This Codility problem, and a first inefficient solution, is described in the previous post. In few words, we have a vector of elements, each of them is representing a segment on the x axis, we want to calculate how many intersections all these segments have among them. Looping on all the elements, and comparing each one to the others is a shiny Big Oh N Square algorithm, that would lead us to horrible performances as the size of the input grows.

Here I try to make that naive solution more acceptable, tweaking a few algorithm details. In some circumstances, this could even lead to an O(N log N) solution that would make anyone happy. Still, the worst case has again a dismaying O(N square) time complexity.

Some considerations

There's no need to check values on the left of the first disc center (i.e.: zero) and on the right of the last one. We can simply cut the trespassing extremes to match that limits, no information is lost.

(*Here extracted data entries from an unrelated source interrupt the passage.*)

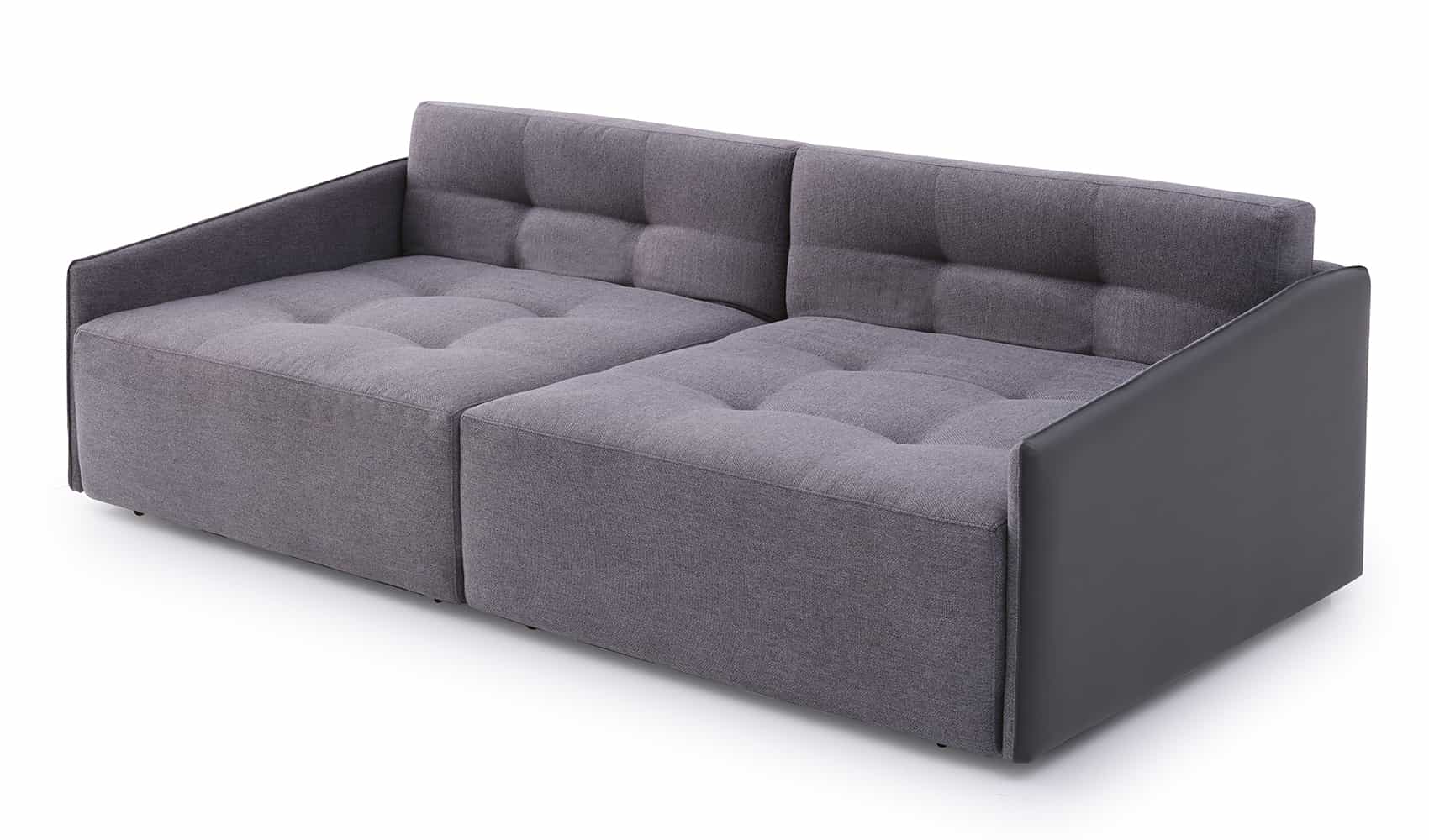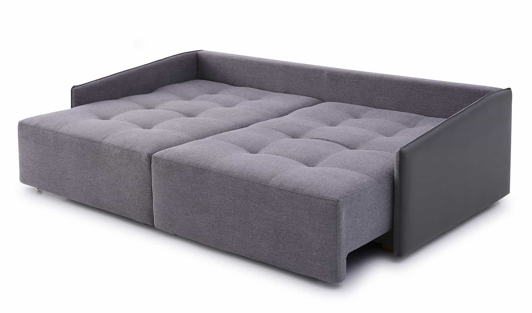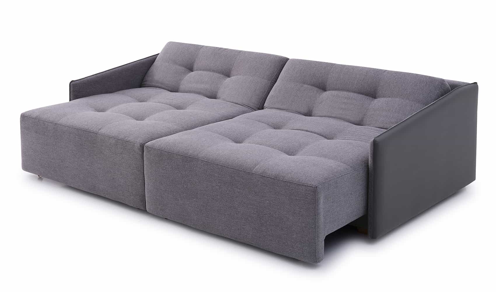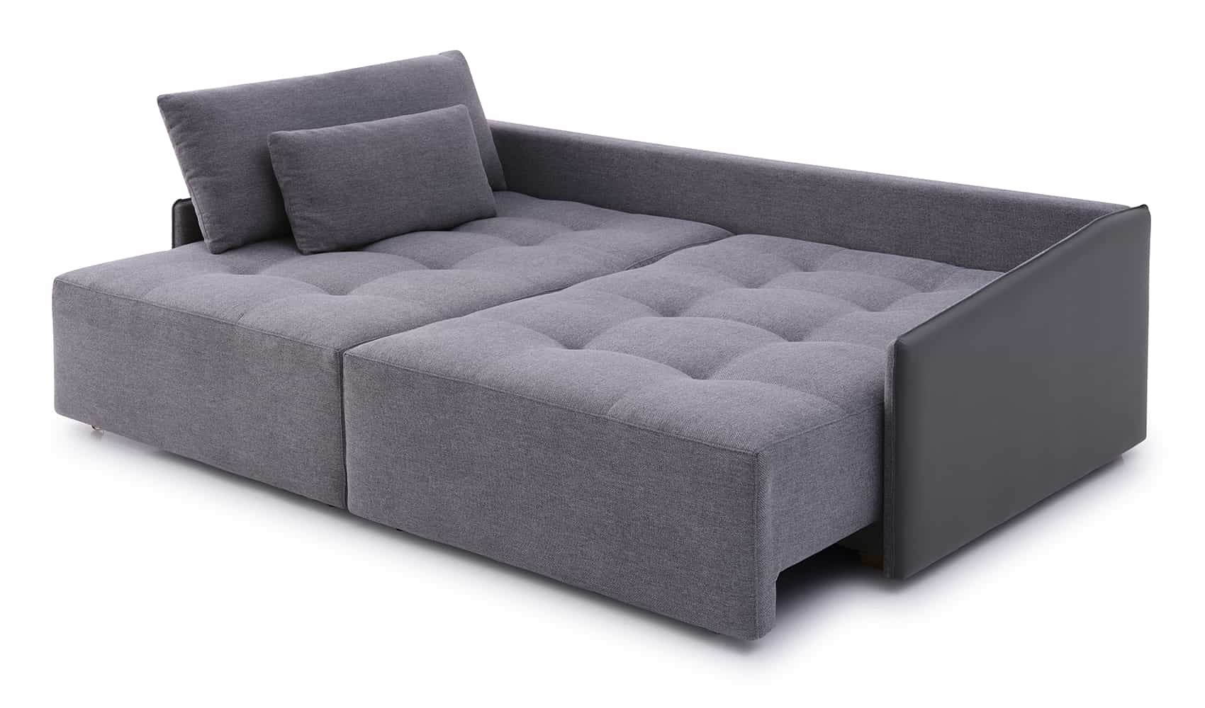 Seu design charmoso inclui braços fi nos e almofadas soltas para o uso diário, transformando-se em uma cama confortável quando aberto.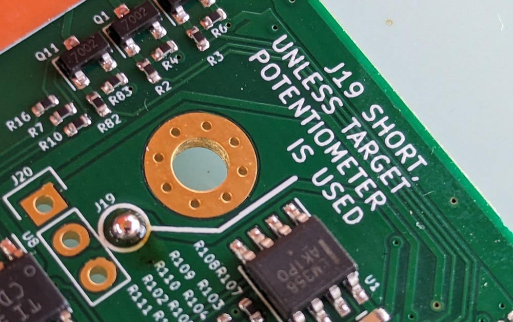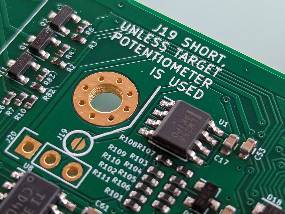 - Azimuth gain/shift op-amp, is turned ON, ONLY when using a multi-turn three-wire potentiometer, of which only one turn is used. Because one turn generates a small change at the input of the AD converter, it is possible to help amplify the preamplifier. How to do it: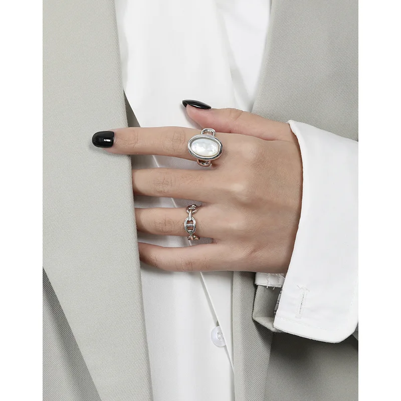 100% S925 Sterling Silver imple Geometric Oval Nat...

If we sort the discs, so that the first is the one "more to the left", and the last is "more to the right", we can simplify the comparison among the current one and its next ones, stopping when we find the first non-intersecting couple.

To sort the discs, we should use a buffer container so that we can use the STL sort() function. I am going to use a raw array of std::pair's, where first is the left limit of a disc and second the right one. Notice that the standard states that the default way an interval of pair's is ordered is just what we need.

Refactoring the code
int beta(const std::vector<int>& input)
{
  const SIZE_T SIZE = input.size(); // 1

  if(SIZE < 2)
    return 0;
  if(SIZE > MAX_ELEMENTS)
    return -1;

  std::pair<nt, int> disks[SIZE]; // 2
  for(SIZE_T i = 0; i < SIZE; ++i)
  {
    disks[i].first = i - input[i] < 0 ? 0 : i - input[i]; // 3
    disks[i].second = (int64_t)input[i] + i >= input.size() ? input.size() - 1 : input[i] + i; // 4
  }

  std::sort(disks, disks + SIZE);

  int result = 0;
  for(SIZE_T i = 0; i < SIZE - 1; ++i) // 5
  {
    for(SIZE_T j = i + 1; j < SIZE; ++j) // 6
    {
      if(disks[i].second >= disks[j].first)
      {
        if(result == MAX_INTERSECTING_PAIRS)
          return -1;
        ++result;
      }
      else // 7
      {
        break;
      }
    }
  }
  return result;
}
1. In theory, any C++ compiler should be aggressive enough to optimize off a call to size(), but I got the impression the Codility compiler isn't. And this algorithm is very sensitive, losing a few millis here and there could be fatal.
2. Prepare to put the discs in this raw array, so that we can sort them.
3. Any first represents the left limit of a disc. As said above, we cut it to zero.
4. Beware of overflow. A value could be (close to) INT_MAX, so increasing it requires a 64 bit integer.
5. Looping on all the discs (but the last one).
6. Looping on all the next discs but ...
7. ... we are dealing with an ordered copy of the original collection of discs, when we see the first one not intersecting, we can stop looping.

Algorithm complexity

The data buffer for sorting costs us an extra O(N) space complexity, but this is allowed by the problem.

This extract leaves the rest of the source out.